The light source assembly 100 of the present invention includes a power printed board 102 that transmits electrical signals from an external device (not shown) to a light source 120 for generating the first light 110 . For example, the power printed board 102 may be a printed circuit board (PCB) having embedded conductive patterns and fixed to the light source assembly 100 . Also, the light source modules may be arranged in a matrix form.

Example 3

FIG. 4 is an exemplary diagram of a backlight assembly according to a third embodiment of the present invention. Except for the light guide lens, the backlight assembly is the same as the first embodiment of the present invention. Therefore, the same reference numerals are used for the same components of the backlight assembly, and identical descriptions are omitted.

The light sources 120 of the light source assembly 100 respectively emit red light, green light and blue light, which then become white light by mixing within the substrate 200 , especially near the second surface 220 . Each light source 120 may be a red light emitting diode RLED, a green light emitting diode GLED or a blue light emitting diode BLED.

The light guide lens 104 is disposed on each light source assembly 100 for guiding light into the substrate 200 where the light is mixed. In order to improve light mixing, the light guiding lens is designed to direct the first light 110 to a certain angle range θ, for example, at an angle of 70°-90° to the substrate surface.

FIG. 5 is a brightness uniformity curve of the light guide lens shown in FIG. 4 . The x-axis is the angle at which light enters the substrate, and the y-axis is the brightness of the light as it exits.

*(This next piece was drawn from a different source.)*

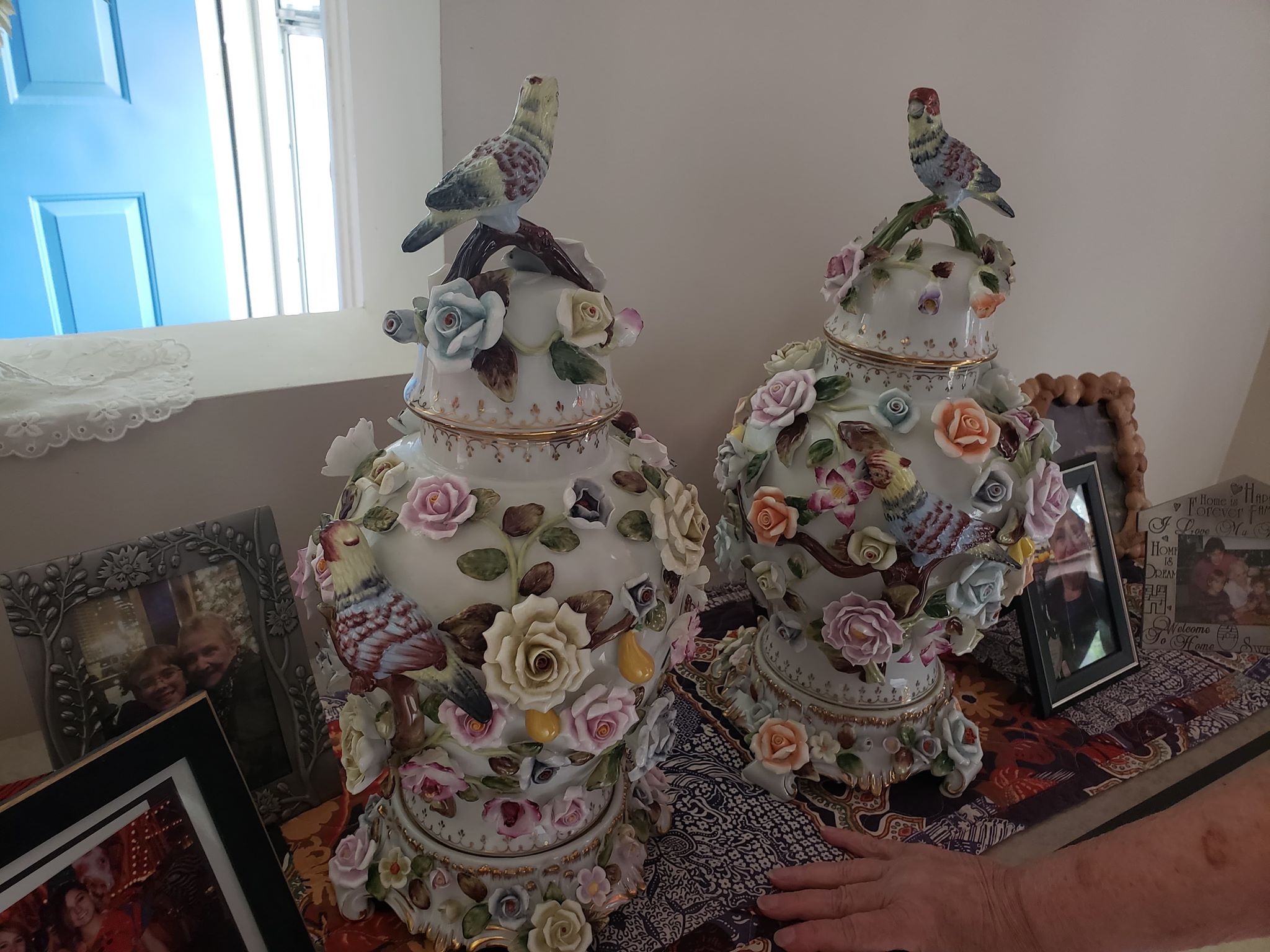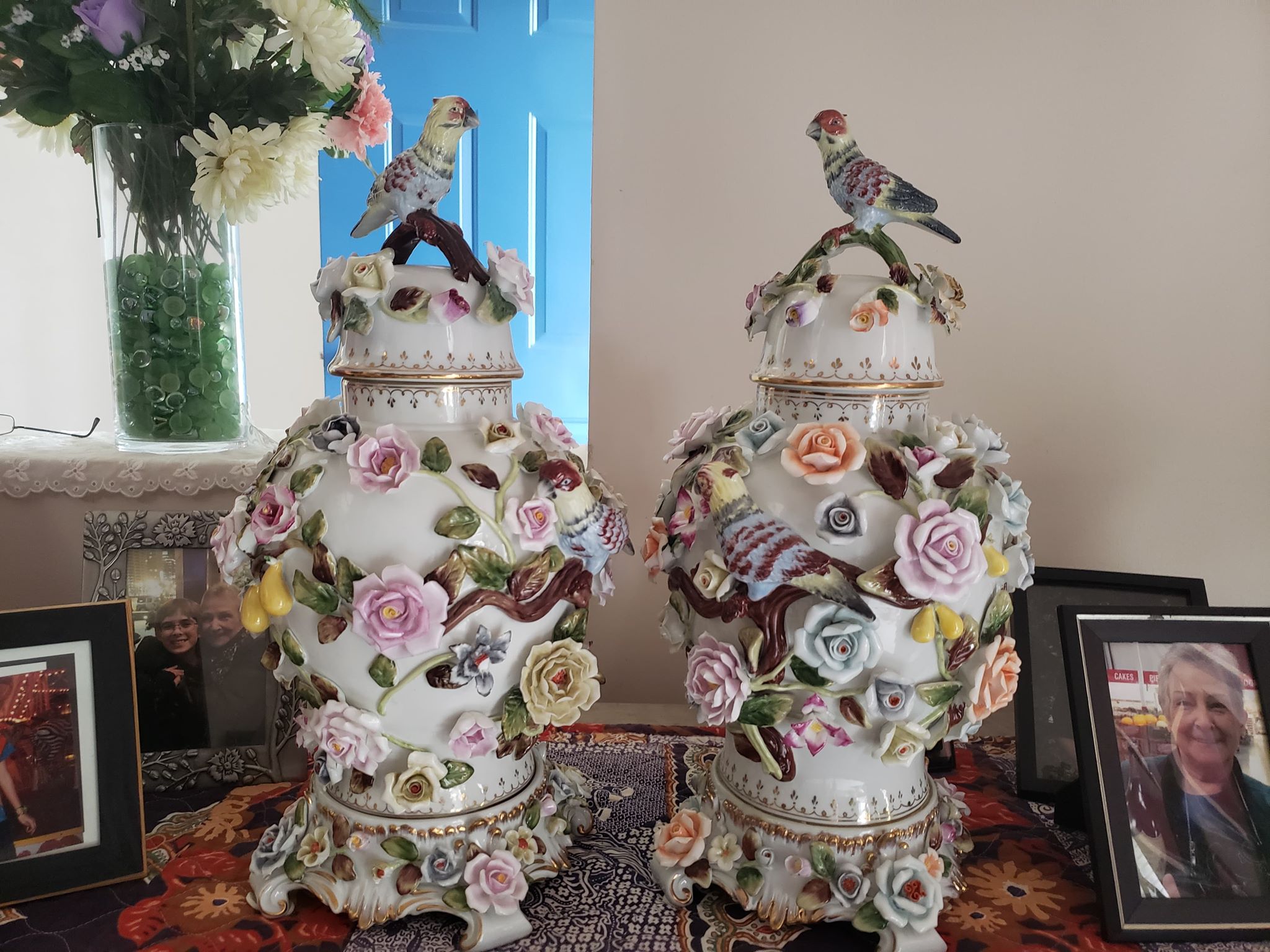 There are two of these vases in perfect condition. They are about a foot tall and are very heavy. There is an S stamped at the bottom of both (see in pictures).

As shown in FIG. 5, due to the light guide lens 104, when the light guide lens 104 guides the light at an angle between 70°-90°, the brightness is greatly improved. After entering the substrate, the second light diffuses and mixes itself extensively within the substrate.

Example 4

FIG. 6 is an exemplary diagram of a backlight assembly according to a fourth embodiment of the present invention. Except for the light blocker, the backlight assembly is the same as the first embodiment of the present invention. Therefore, the same reference numerals are used for the same components of the backlight assembly, and identical descriptions are omitted.

Each light source 120 emits red, green, or blue light, which mixes within the substrate 200 and generally becomes white light. Each light source 120 may be a red light emitting diode RLED, a green light emitting diode GLED or a blue light emitting diode BLED. To help mix the red, green and blue first light within the substrate 200 , a light blocker 240 is provided on the substrate 200 . The light blocker 240 is designed to only allow light to enter the substrate 200 within a certain angle, such as 70°-90° as measured from the first surface 210 of the substrate.

A light blocker 240 may be disposed on the first surface 210 to be exposed to the first light 110 . Moreover, the light blocking object 240 can be a thin film layer of light reflective material, and positioned so that the first light 110 can enter the substrate 200 within a certain angle range, for example, the angle for the first surface 210 of the substrate 200 is 70°-90° .

In addition, the light blocking object 240 on the substrate 200 and the light guiding lens 104 on the light source 120 can be used simultaneously.

Example 5

FIG. 7 is an enlarged view of part "A" of the transflective member 300 in FIG. 1 according to a fifth embodiment of the present invention.

Referring to FIGS. 1 and 7 , the transflective member 300 includes light reflective layers 310 and light transmissive layers 320 which may be alternately formed on the substrate 200 . In order to have optimal brightness uniformity and luminosity of the third light, the number and/or thickness of reflective and transmissive layers 310 , 320 depends on the brightness uniformity and luminosity of the second light 130 .

The first light 110 has constant brightness, and the brightness of the transmitted second light decreases as the brightness of the reflected second light increases, and vice versa. Thus, for example, when the brightness of the reflected second light portion is 10%-90%, the brightness of the transmitted second light portion is substantially 90%-10%. In other words, the brightness of the reflected second light has a complementary or inverse relationship to the brightness of the transmitted second light. For example, when the luminance of the second light reflected from the transflective member is 70%, the luminance of the second light transmitted by or passing through the transflective member is about 30%.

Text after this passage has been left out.